- EXERCISE GOAL:
Could you output only the lines from the one containing "Lintu ui heti" through the last line of the data, both included?

Items from a dataset:

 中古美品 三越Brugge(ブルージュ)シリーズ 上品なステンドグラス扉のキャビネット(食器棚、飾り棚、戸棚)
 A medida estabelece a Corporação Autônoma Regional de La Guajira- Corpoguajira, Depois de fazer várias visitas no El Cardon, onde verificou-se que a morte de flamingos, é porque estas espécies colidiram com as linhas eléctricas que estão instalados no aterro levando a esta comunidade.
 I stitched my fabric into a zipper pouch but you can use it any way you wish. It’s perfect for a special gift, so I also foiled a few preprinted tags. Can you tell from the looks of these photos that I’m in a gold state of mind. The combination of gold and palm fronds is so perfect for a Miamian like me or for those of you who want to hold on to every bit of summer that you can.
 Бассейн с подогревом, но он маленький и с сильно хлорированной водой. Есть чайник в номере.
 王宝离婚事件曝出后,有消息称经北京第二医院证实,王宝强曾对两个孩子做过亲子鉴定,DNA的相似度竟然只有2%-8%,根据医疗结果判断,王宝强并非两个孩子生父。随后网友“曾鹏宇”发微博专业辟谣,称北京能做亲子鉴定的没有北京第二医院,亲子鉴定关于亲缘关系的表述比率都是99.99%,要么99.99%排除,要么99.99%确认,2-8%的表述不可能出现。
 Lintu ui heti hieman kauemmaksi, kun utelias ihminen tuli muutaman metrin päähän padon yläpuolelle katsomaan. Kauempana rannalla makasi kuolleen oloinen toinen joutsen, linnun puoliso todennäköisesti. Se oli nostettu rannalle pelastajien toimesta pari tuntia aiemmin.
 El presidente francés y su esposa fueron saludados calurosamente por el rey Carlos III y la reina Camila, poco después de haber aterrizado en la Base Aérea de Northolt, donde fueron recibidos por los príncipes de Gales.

- ANSWER TO THE EXERCISE:
 Lintu ui heti hieman kauemmaksi, kun utelias ihminen tuli muutaman metrin päähän padon yläpuolelle katsomaan. Kauempana rannalla makasi kuolleen oloinen toinen joutsen, linnun puoliso todennäköisesti. Se oli nostettu rannalle pelastajien toimesta pari tuntia aiemmin.
 El presidente francés y su esposa fueron saludados calurosamente por el rey Carlos III y la reina Camila, poco después de haber aterrizado en la Base Aérea de Northolt, donde fueron recibidos por los príncipes de Gales.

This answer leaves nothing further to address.